Today, the French—as evidenced by their apartments and pubs—approach interiors without uptight buttocks. Bars have been in the same style for years, restaurants are far from designer hopsiups. The glaze isn't tapped every decade, the smoke of Gauloises kicked up during de Gaulle's time still wafts from the paneling. In our gastronomy—different. Here—according to the function—there is a continuous transformation of matter. Find me at least a dozen interiors decorated as they were a few decades ago. Let's skip the communist era, because everything from trash to outstanding things flew from that collection to the trash heap. Every few or so years our pubs line up and expose a new skin. A Czech inn and a British pub are digs next to them. Our gastro doesn't even have time to age into oblivion, to then, without much change, go back into circulation as retro fashion. But that's probably a good thing: interior architects have another hit in their portfolios and butter for the kids' bread, which can't be earned much in this country with more serious architecture.

With apartments, it's similar, but here we have several trends. For the fast-moving matter, for all those folder-like ni hotels, ni pubs, ni apartments, more status symbols than dwellings, the background is the still-life of the premises with furniture, wallpaper, pavilion and PRL-transformation gallantry. To be viewed on real estate portals.

There are also quite a few contemporary interiors, on the loose, with color and a slight flare, decorated gradually, with or without the cooperation of an architect, but such pleasant views are not likely to be found on interior pornography sites. And there are quite a few of these sites. Google the phrase „interior porn design.” The effects are plentiful, unlike „exterior porn design,” which the search engine spits out only once.

We don't have much heart for the outdoors, even if lately a little more Poles are walking the streets and parks or getting on public transportation, which, to the surprise of cured autoholics, is not a barn on wheels. We have as many studios making good communal spaces as two, top three cats.

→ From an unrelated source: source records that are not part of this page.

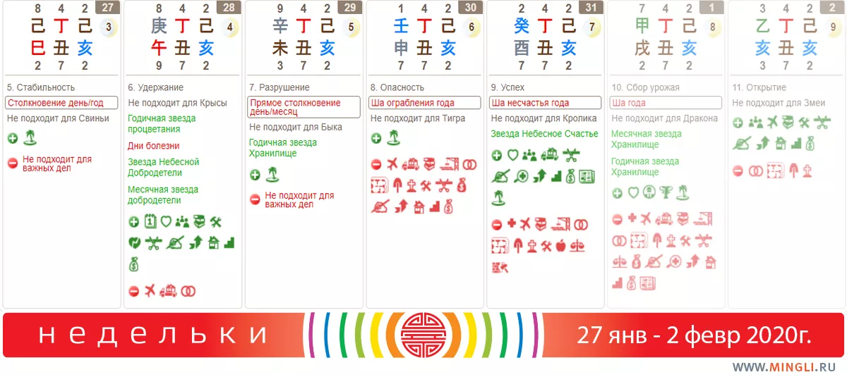 28 января, вторник. Хороший день, его поддерживают много благородных звезд. Приносит процветание семье, рост богатства и собственности. Поэтому можно заниматься большинством позитивных дел. Час Дракона можно использовать для решения сложных проблем и финансовых вопросов: прогуляйтесь на запад, размышляя о своих задачах. Отлично, если вы встретите человека, играющего в мяч, или женщину, которая тянет или несет ребенка.
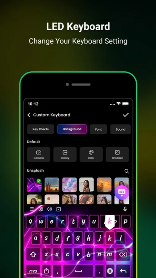 • Change the background keyboard with various colors or images, change color levels, stroke, color gradient speed effect, etc.
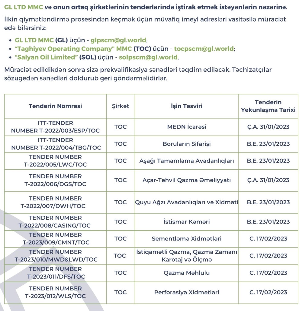 GL şirkəti tenderlər elan edir.
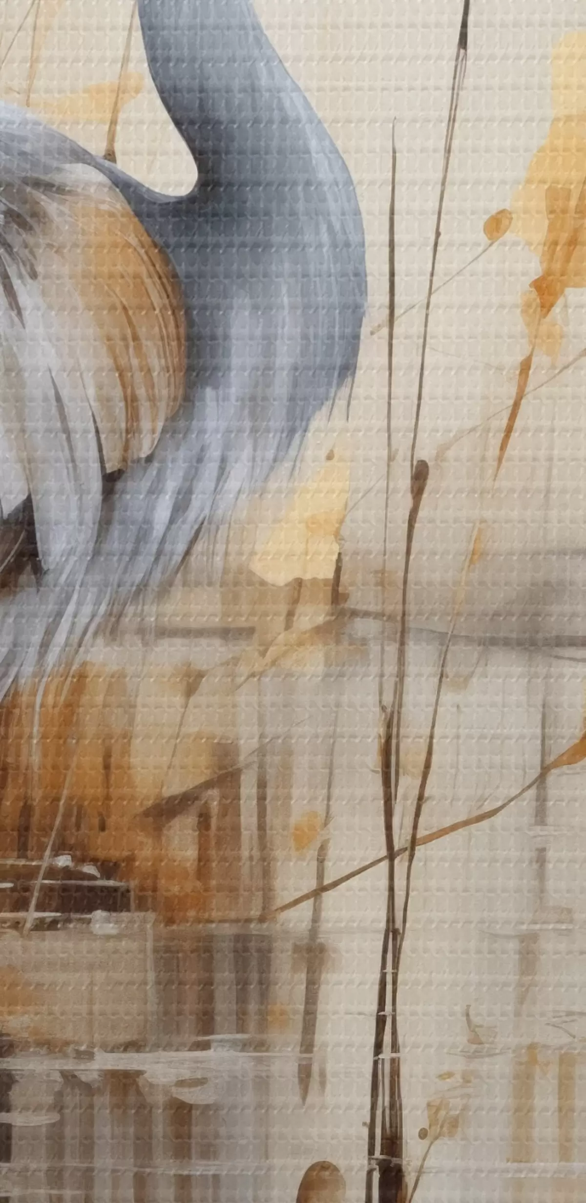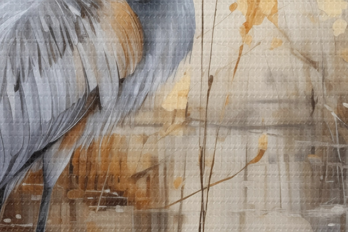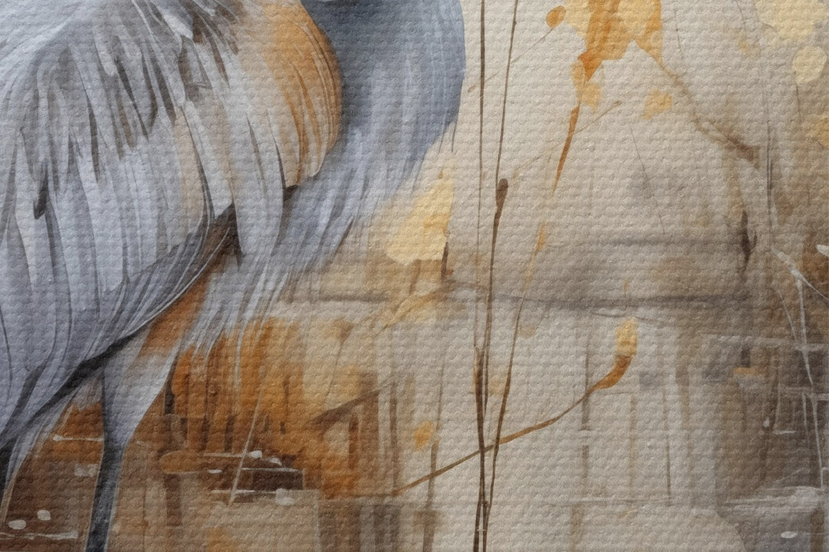 Afbeelding Een grijze reiger in een vijver, omringd door hoge, dunne planten, de achtergrond is een zachte mix van beige en wit Nr r43398
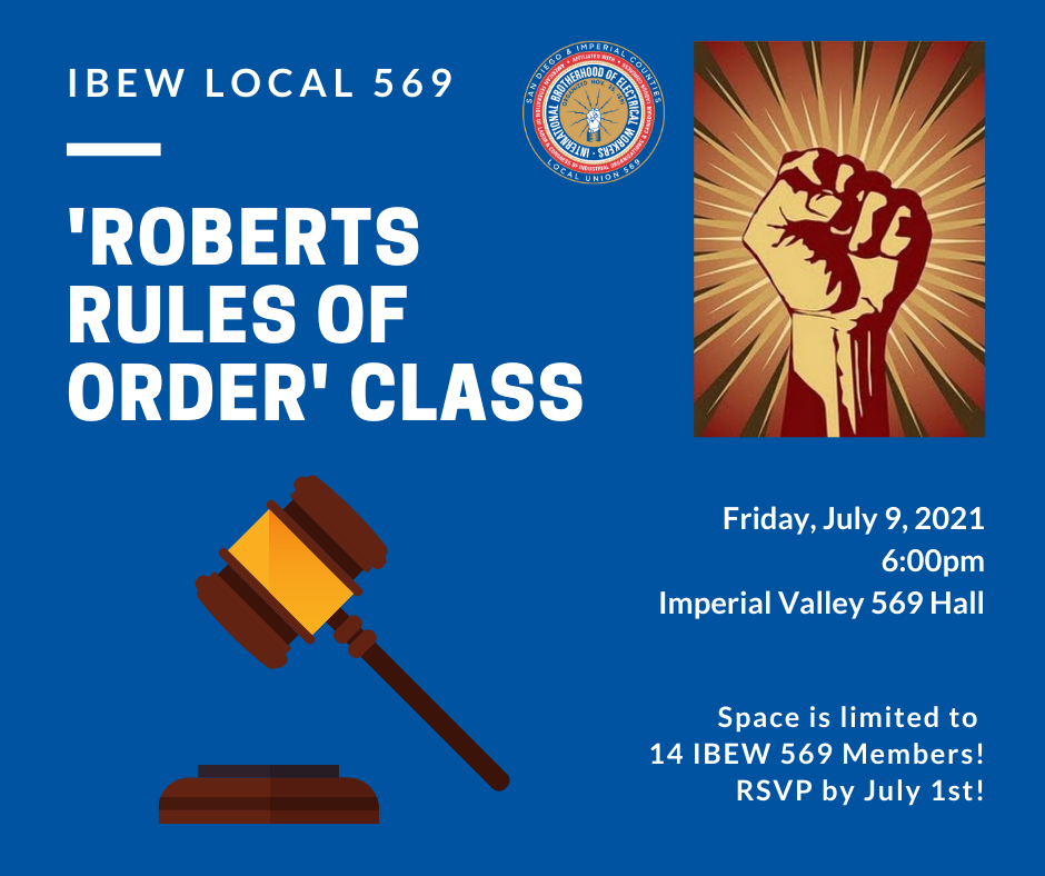 RSVP: https://actionnetwork.org/events/ibew-569-roberts-rules-of-order-class/
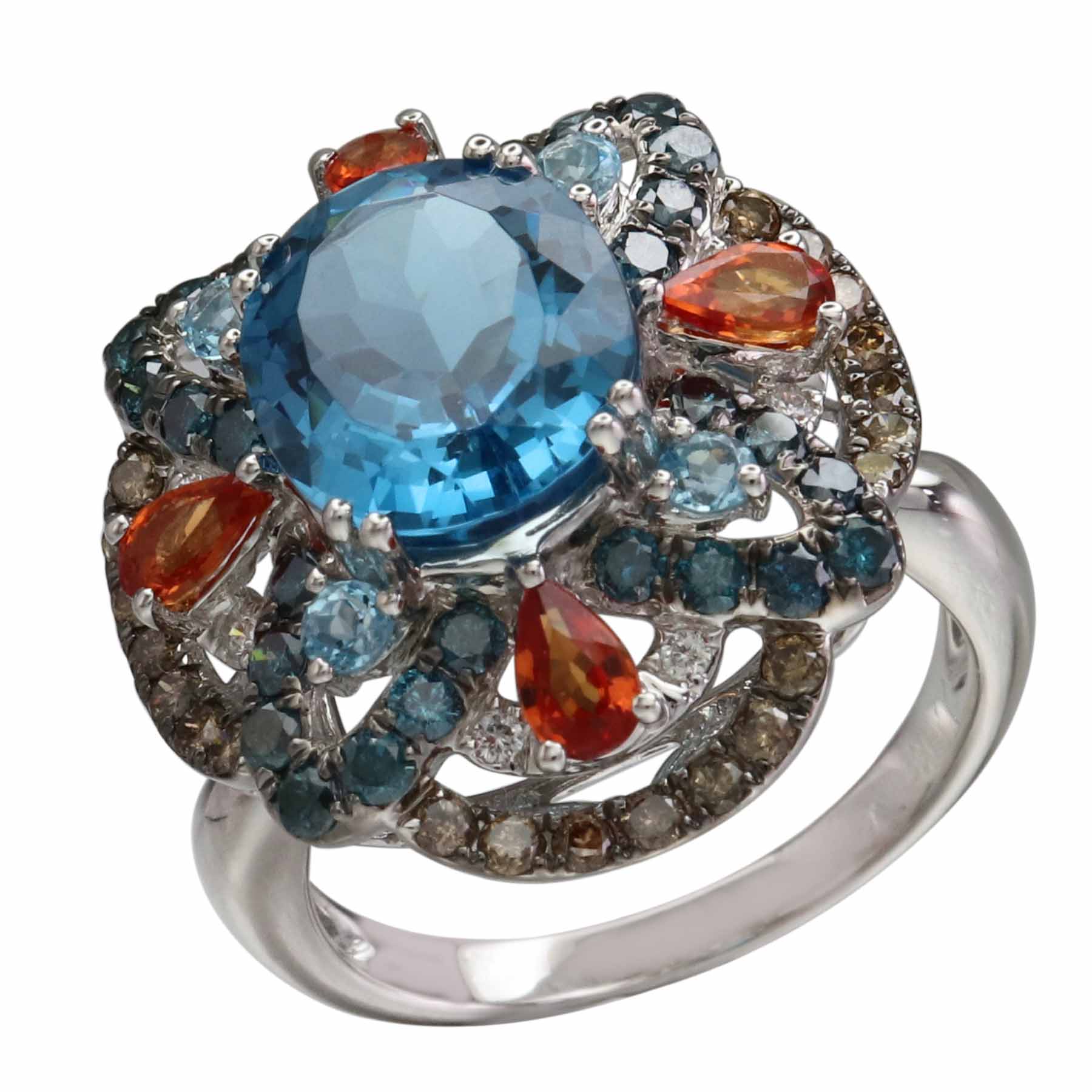 14K WHITE GOLD MULTICOLOR DIAMOND, MULTICOLOR GEM STONE AND LONDON BLUE TOPAZ RING
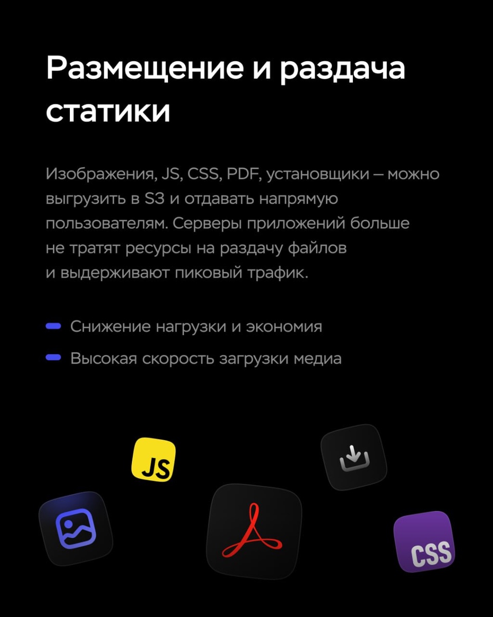 ✔️ Начать пользоваться хранилищем S3 Бэкапы, пользовательский контент, ML-датасеты и архивы — проще загружать в S3, чем разворачивать собственную инфру. Пять сценариев в карточках 👆🏻 После прочтения поста предлагаем либо заводить свое хранилище, либо написать в комментах, как вы уже его используете.

Decision makers who are aware of what these spaces should be—also on the scale of cat sobs.

Yes, progress is being made, there is light at the end of the tunnel, some squares, streets and promenades are beginning to look and function as they should, some are even the subject of childish disputes and wars, but the Haussmann-Gehler revolution is probably still to come. And that too, provided that compatriots remember what legs are for, and that even if they were to go out on the town not to live normally, but to expose their status. Because the aspirational, let's call it, middle class (from rich youngsters to former hipsters to aging beneficiaries of the transformation), often doesn't so much dress up in our country as dress up, expose themselves, promote themselves, but they are unlikely to have cafe discussions about science or culture. Too polished, too branded, in general—one hundred and ten percent. Just like the suites and bars she licks and licks. Apparently, that's how she understood the maxim that it's the interior that matters most.